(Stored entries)
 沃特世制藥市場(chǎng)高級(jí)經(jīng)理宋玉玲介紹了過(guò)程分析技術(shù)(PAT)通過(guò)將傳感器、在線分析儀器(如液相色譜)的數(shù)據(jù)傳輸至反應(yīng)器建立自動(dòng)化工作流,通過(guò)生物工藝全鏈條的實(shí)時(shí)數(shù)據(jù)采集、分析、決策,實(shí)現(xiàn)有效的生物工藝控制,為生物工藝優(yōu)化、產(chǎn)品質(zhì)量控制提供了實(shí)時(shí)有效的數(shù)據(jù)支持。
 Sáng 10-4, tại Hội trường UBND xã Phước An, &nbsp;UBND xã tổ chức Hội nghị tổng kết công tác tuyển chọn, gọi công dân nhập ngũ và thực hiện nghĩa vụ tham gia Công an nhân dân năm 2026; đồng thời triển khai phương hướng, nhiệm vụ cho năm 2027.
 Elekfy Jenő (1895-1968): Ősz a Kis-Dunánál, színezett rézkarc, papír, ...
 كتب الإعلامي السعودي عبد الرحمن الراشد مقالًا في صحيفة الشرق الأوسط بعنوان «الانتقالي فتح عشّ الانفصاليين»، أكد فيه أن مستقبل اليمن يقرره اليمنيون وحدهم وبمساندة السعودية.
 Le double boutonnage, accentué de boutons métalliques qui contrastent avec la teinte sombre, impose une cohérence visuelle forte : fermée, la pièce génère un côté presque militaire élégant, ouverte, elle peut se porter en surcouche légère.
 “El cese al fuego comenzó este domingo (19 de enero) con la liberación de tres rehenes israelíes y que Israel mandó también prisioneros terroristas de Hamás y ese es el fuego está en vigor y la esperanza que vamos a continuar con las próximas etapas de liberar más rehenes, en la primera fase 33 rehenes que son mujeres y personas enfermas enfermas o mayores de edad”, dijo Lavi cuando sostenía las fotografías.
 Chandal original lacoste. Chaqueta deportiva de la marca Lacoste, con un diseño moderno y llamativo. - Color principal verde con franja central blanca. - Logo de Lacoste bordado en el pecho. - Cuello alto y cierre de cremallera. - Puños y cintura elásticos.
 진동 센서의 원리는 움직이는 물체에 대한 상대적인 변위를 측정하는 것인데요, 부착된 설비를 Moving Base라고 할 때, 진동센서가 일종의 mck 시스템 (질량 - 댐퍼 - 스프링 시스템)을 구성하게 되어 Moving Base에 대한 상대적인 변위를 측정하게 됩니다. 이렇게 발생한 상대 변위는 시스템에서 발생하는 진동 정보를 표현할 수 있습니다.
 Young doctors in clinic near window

# Problem to work on
The records above need to be written out again. Keep them exact.

# Solution to this task
 沃特世制藥市場(chǎng)高級(jí)經(jīng)理宋玉玲介紹了過(guò)程分析技術(shù)(PAT)通過(guò)將傳感器、在線分析儀器(如液相色譜)的數(shù)據(jù)傳輸至反應(yīng)器建立自動(dòng)化工作流,通過(guò)生物工藝全鏈條的實(shí)時(shí)數(shù)據(jù)采集、分析、決策,實(shí)現(xiàn)有效的生物工藝控制,為生物工藝優(yōu)化、產(chǎn)品質(zhì)量控制提供了實(shí)時(shí)有效的數(shù)據(jù)支持。
 Sáng 10-4, tại Hội trường UBND xã Phước An, &nbsp;UBND xã tổ chức Hội nghị tổng kết công tác tuyển chọn, gọi công dân nhập ngũ và thực hiện nghĩa vụ tham gia Công an nhân dân năm 2026; đồng thời triển khai phương hướng, nhiệm vụ cho năm 2027.
 Elekfy Jenő (1895-1968): Ősz a Kis-Dunánál, színezett rézkarc, papír, ...
 كتب الإعلامي السعودي عبد الرحمن الراشد مقالًا في صحيفة الشرق الأوسط بعنوان «الانتقالي فتح عشّ الانفصاليين»، أكد فيه أن مستقبل اليمن يقرره اليمنيون وحدهم وبمساندة السعودية.
 Le double boutonnage, accentué de boutons métalliques qui contrastent avec la teinte sombre, impose une cohérence visuelle forte : fermée, la pièce génère un côté presque militaire élégant, ouverte, elle peut se porter en surcouche légère.
 “El cese al fuego comenzó este domingo (19 de enero) con la liberación de tres rehenes israelíes y que Israel mandó también prisioneros terroristas de Hamás y ese es el fuego está en vigor y la esperanza que vamos a continuar con las próximas etapas de liberar más rehenes, en la primera fase 33 rehenes que son mujeres y personas enfermas enfermas o mayores de edad”, dijo Lavi cuando sostenía las fotografías.
 Chandal original lacoste. Chaqueta deportiva de la marca Lacoste, con un diseño moderno y llamativo. - Color principal verde con franja central blanca. - Logo de Lacoste bordado en el pecho. - Cuello alto y cierre de cremallera. - Puños y cintura elásticos.
 진동 센서의 원리는 움직이는 물체에 대한 상대적인 변위를 측정하는 것인데요, 부착된 설비를 Moving Base라고 할 때, 진동센서가 일종의 mck 시스템 (질량 - 댐퍼 - 스프링 시스템)을 구성하게 되어 Moving Base에 대한 상대적인 변위를 측정하게 됩니다. 이렇게 발생한 상대 변위는 시스템에서 발생하는 진동 정보를 표현할 수 있습니다.
 Young doctors in clinic near window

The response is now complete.